● **Brief**:
Every line in the data below from the one containing "Figure 27. LTSpice" down to the one containing "7月29日,生產基地員工在總裝線裝配小型電動卡車。(新華社記者 劉海峰 攝)", both included, must be retyped exactly; no other line is to appear.

● **Records**:
BEGIN

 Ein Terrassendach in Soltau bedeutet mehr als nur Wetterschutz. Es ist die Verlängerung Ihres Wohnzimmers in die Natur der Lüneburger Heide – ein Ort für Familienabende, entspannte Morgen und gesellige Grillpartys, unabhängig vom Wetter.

END
BEGIN

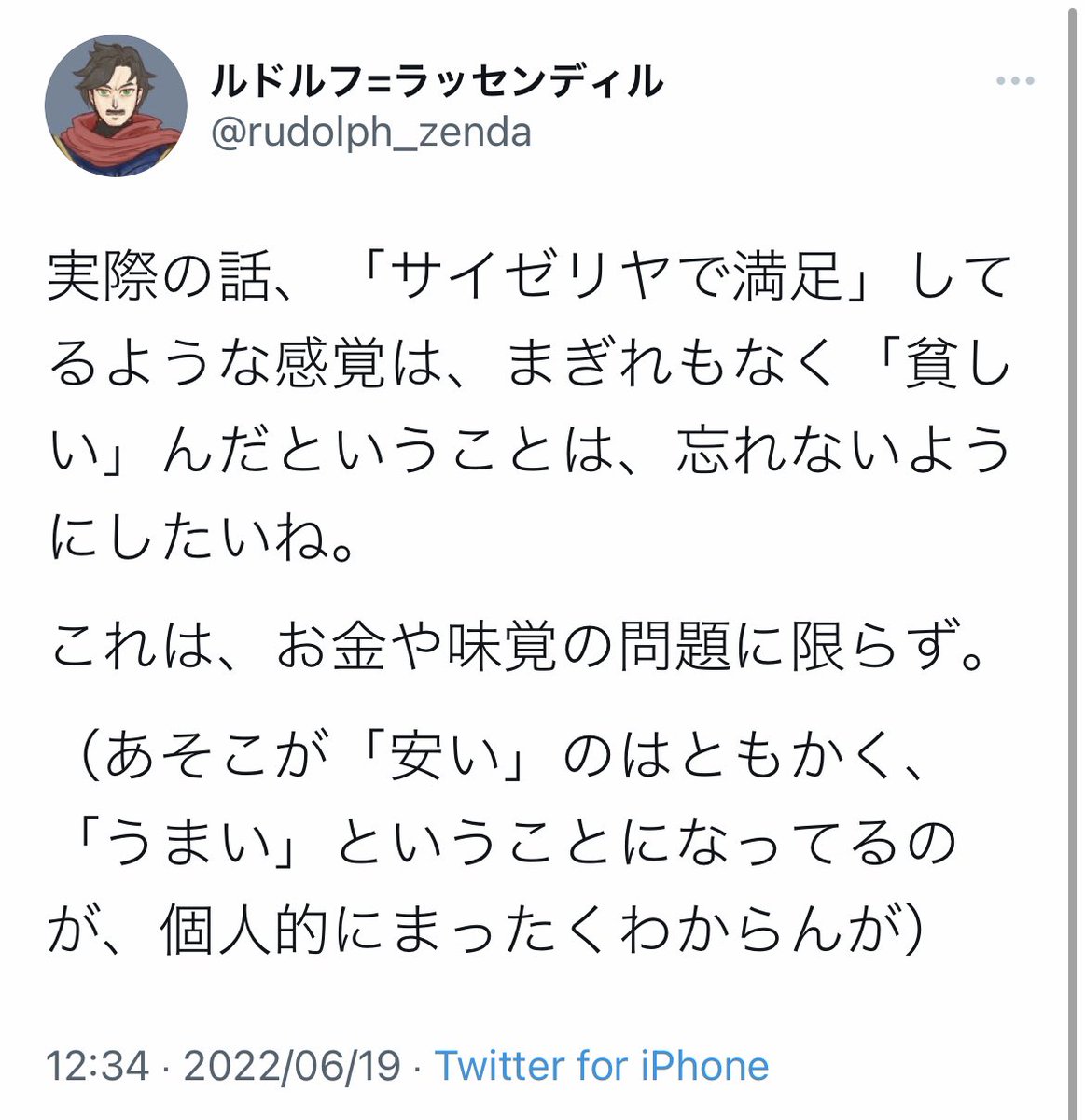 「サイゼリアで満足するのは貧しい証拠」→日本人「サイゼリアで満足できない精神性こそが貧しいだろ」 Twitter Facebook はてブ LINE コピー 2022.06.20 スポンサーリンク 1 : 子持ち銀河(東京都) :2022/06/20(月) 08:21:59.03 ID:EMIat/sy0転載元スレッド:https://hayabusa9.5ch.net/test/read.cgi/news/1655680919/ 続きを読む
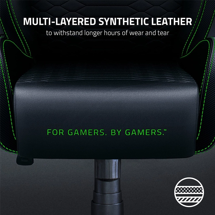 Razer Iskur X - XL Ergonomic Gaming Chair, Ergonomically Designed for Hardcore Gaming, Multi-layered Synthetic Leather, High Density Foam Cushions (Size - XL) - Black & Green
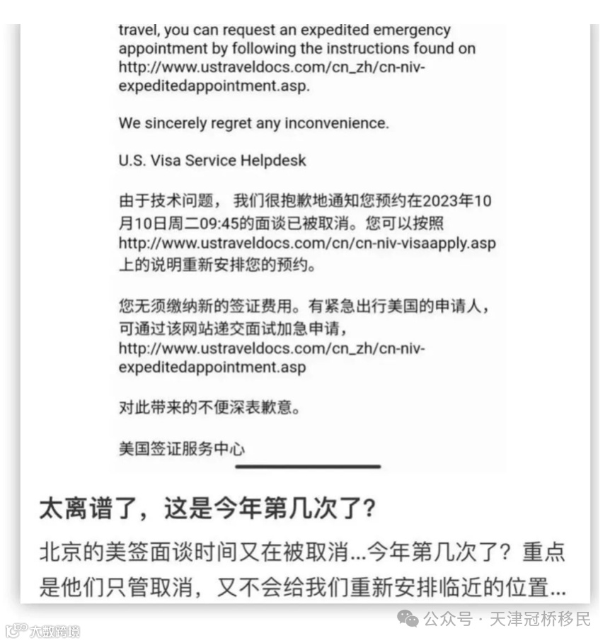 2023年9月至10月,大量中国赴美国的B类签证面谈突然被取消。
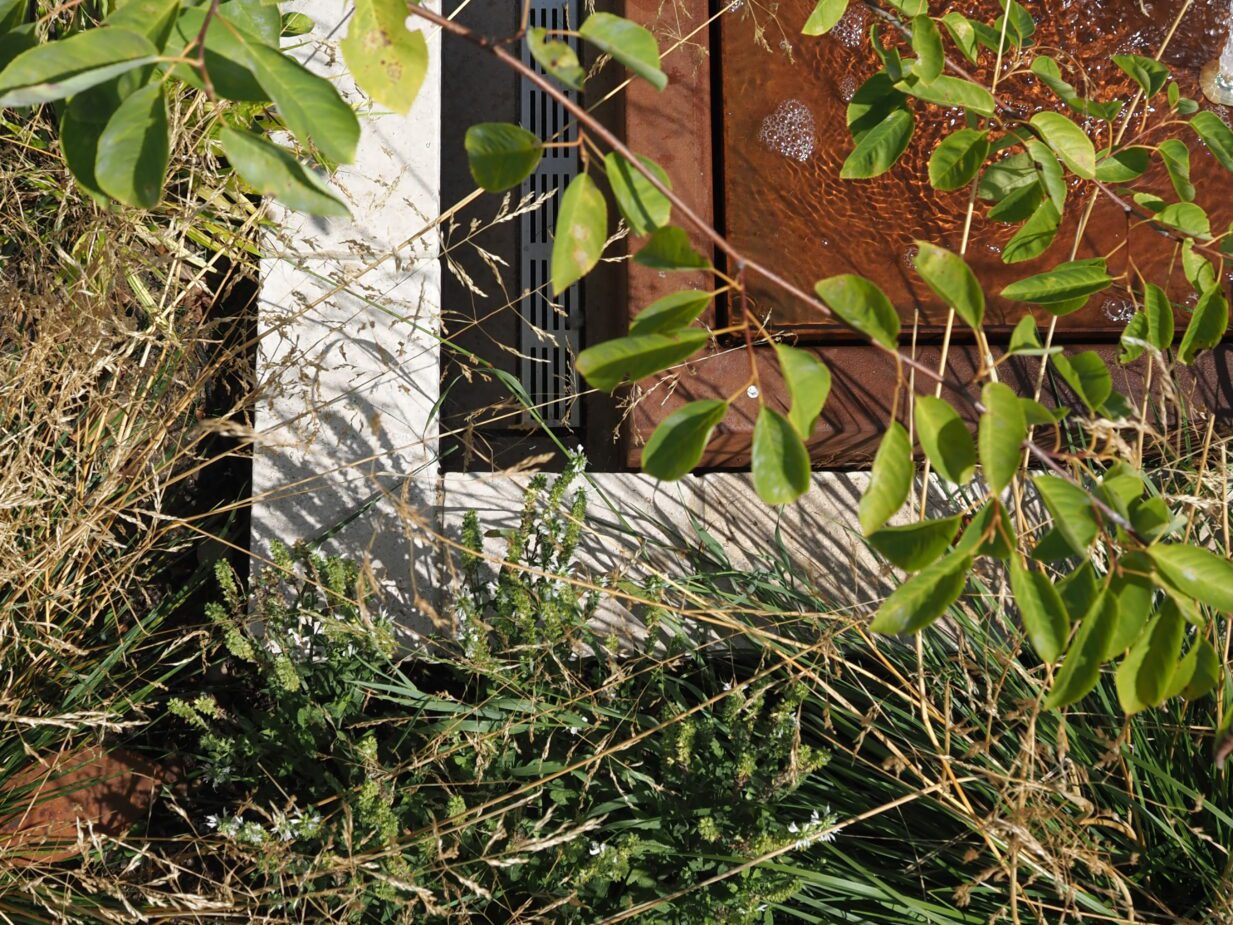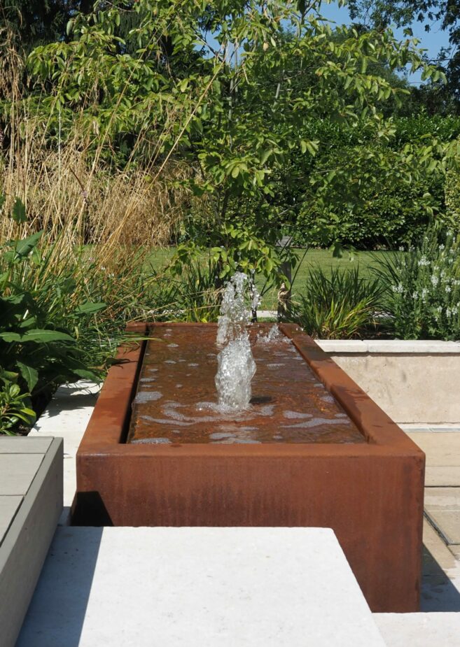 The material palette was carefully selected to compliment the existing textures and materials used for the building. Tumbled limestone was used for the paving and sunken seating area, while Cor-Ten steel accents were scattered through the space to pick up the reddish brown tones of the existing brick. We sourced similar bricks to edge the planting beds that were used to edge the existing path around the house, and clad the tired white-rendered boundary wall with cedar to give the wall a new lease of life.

END
BEGIN

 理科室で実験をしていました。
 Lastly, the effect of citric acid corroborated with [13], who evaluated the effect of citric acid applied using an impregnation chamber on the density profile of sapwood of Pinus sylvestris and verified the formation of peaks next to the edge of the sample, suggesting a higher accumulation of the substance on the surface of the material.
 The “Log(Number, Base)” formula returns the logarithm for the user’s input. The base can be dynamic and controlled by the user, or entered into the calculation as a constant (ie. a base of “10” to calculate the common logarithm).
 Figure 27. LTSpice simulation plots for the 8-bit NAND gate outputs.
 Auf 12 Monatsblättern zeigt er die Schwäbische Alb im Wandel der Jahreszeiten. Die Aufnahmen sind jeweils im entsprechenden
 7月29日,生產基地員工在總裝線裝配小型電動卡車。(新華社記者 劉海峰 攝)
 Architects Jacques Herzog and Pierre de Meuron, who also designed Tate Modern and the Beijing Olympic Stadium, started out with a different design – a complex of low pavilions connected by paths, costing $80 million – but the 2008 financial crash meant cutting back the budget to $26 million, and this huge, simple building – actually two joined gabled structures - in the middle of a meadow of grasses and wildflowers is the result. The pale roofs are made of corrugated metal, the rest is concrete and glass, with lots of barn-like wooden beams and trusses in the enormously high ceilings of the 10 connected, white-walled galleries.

END

● **Exercise answer**:
 Figure 27. LTSpice simulation plots for the 8-bit NAND gate outputs.
 Auf 12 Monatsblättern zeigt er die Schwäbische Alb im Wandel der Jahreszeiten. Die Aufnahmen sind jeweils im entsprechenden
 7月29日,生產基地員工在總裝線裝配小型電動卡車。(新華社記者 劉海峰 攝)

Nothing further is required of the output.